The Friends’ complaint, filed in state court Sept. 25, says the group correctly followed the process for beginning the initiative. If successful, the initiative would place Congress Square Plaza and 34 other publicly owned properties in the city’s Land Bank, and expand the types of property protected by it to include “urban open public spaces.”

The Land Bank protects designated open spaces with environmental or recreational values from development.

But the city rejected the Friends’ attempt, saying that such a citizens’ initiative would conflict with state and city law, which gives the City Council exclusive decision-making power in fiscal and administrative functions.

The complaint calls the rejection “arbitrary, capricious, legally erroneous and unsupported by competent evidence in the record.” It asks the court to order the clerk to provide the petition forms necessary to begin the initiative.

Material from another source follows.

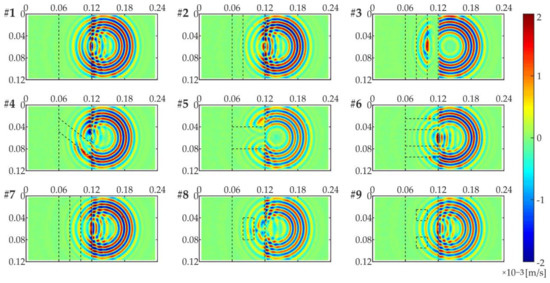 Figure 7 shows snapshots of the guided wave propagation signals that were obtained in the experimental scanning of the analyzed specimens. The SLDV maps are presented at the time instance of 27.7 μs. Disturbances of the wavefront shape on the disbond area were visible for each specimen from #2–#9 when compared with the intact specimen #1. The differences were more or less considerable, depending on the geometry of the defect. The most significant disturbances were observed for the specimens with stripped defects skewed and parallel to the primary direction of propagation (#4–#6). For specimens that had the disbond area in the shape of a strip perpendicular to the direction of propagation (#2, #7), the changes were not clearly visible. The exception was specimen #3, which had no adhesive near the edge of the overlap and resulted in the limited appearance of the wavefront on the overlap surface. Internal defects (#8, #9) were moderately detectable. In summary, the presence of the defects in the damaged specimens was visible in the maps, but their geometry was not determinable.

The Friends would have to collect 1,500 signatures from registered voters to put the changes to a referendum.

The Friends have long opposed the pending sale of about two-thirds of the plaza to RockBridge Capital, the developer of the former Eastland Park Hotel on High Street. RockBridge plans to use the space to build a meeting and event facility that would adjoin the hotel, which is scheduled to open in December as the Westin Portland Harborview.

Oral arguments in the Friends’ case are scheduled to begin Thursday.